The UK’s new energy plan, “Powering up Britain,” published by the Department for Energy Security and Net Zero, has been criticised for still heavily relying on oil and gas.
The government-devised plan claims that the UK will be able to continue extracting fossil fuels without undermining its net zero commitments by investing up to £20 billion in carbon capture, a technology that scientists have criticised for being unscalable and an unfit substitute for renewable energy.
According to the report, the UK “will be powered by renewables including wind and solar, hydrogen, power with carbon capture, usage and storage (CCUS) and new nuclear plants—while recognising the vital role that UK oil and gas will play in the transition.”
Following the energy crisis caused by the Russian war in Ukraine, countries and companies alike have deepened their investments in oil and gas projects to protect energy security and lower prices. The UK has joined the renewed offshore oil boom, with $7 billion (£5.6 billion) in investments into new projects in the North Sea, as well as offering tax incentives for fossil fuel investments.
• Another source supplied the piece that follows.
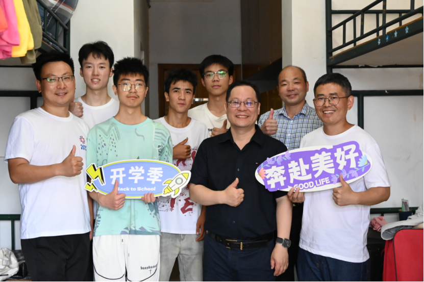 学院领导携班主任和辅导员走进学生宿舍,关心新生进校的适应情况,并希望同学们后续碰到问题能及时跟学院反映。
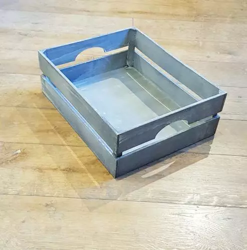 Cassetta in legno di abete grigio con finitura effetto shabby con pratiche maniglie.

The government’s renewed interest in fossil fuels is evident throughout the UK’s energy plan, with passages like “we remain absolutely committed to maximising the vital production of UK oil and gas as the North Sea basin declines.”
A continued interest in fossil fuels was reflected in the UK Chancellor Jeremy Hunt’s recent budget announcement, which included a £20 billion package for carbon capture and storage (CCS) to store between 20 million and 30 million tonnes of CO2 per year by 2030.
Carbon capture and storage
(CCS) is the process of capturing carbon dioxide emissions as they are produced and putting them into underground storage. The technology has been recognised as a key lever in limiting global temperatures by helping industries like aviation, agriculture, shipping, and industrial processes to offset their remaining emissions on the path to net zero. However, CCS is currently unscalable, expensive, and can serve as a means for companies to take advantage of offsets rather than focusing on reducing emissions at the source.
For example, British multinational oil and gas company BP has recently announced they will help develop one of the UK’s leading carbon capture projects as the Government hopes to accelerate the development of the technology in its push for its 2050 net zero targets through its Powering up Britain plan.
The oil and gas giant is paying an undisclosed sum for a 40pc stake in the Viking CCS project owned by its North Sea rival Harbour Energy. The project will take carbon dioxide emitted from factories in the Humber region and stash it in empty gas fields under the southern North Sea.
Harbour aims to store up to 10 million tonnes of carbon dioxide per year by 2030, which is around a third of the Government’s national target.
The UK’s carbon capture-heavy plan comes shortly after the Climate Change Committee, the government’s climate adviser, described the UK as “strikingly unprepared for climate change.”